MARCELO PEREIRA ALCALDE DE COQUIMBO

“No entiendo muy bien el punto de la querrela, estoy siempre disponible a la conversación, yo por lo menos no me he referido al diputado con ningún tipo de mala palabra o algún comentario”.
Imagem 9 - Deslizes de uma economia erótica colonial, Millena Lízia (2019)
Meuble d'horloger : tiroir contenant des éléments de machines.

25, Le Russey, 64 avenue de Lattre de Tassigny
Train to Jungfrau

........

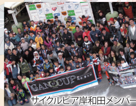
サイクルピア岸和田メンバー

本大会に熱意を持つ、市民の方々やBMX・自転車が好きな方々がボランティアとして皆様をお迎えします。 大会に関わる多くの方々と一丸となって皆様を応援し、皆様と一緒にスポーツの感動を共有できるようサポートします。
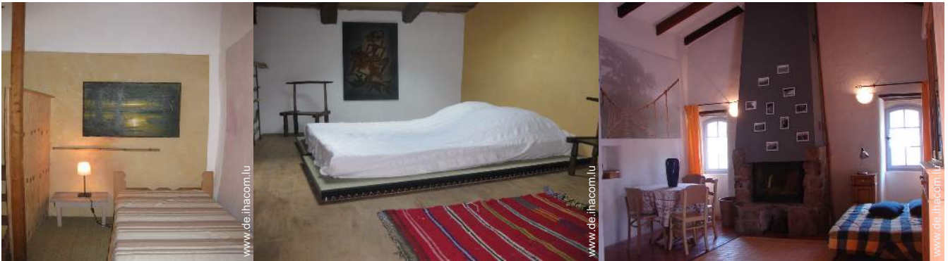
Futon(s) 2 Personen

........

* **TASK PROMPT**: Where the listing above reaches the line that contains "Meuble d'horloger : tiroir", start retyping, and finish with the line that contains "Train to Jungfrau"; reproduce those lines exactly and no others.

* **SOLUTION TO THIS PROBLEM**:
Meuble d'horloger : tiroir contenant des éléments de machines.

25, Le Russey, 64 avenue de Lattre de Tassigny
Train to Jungfrau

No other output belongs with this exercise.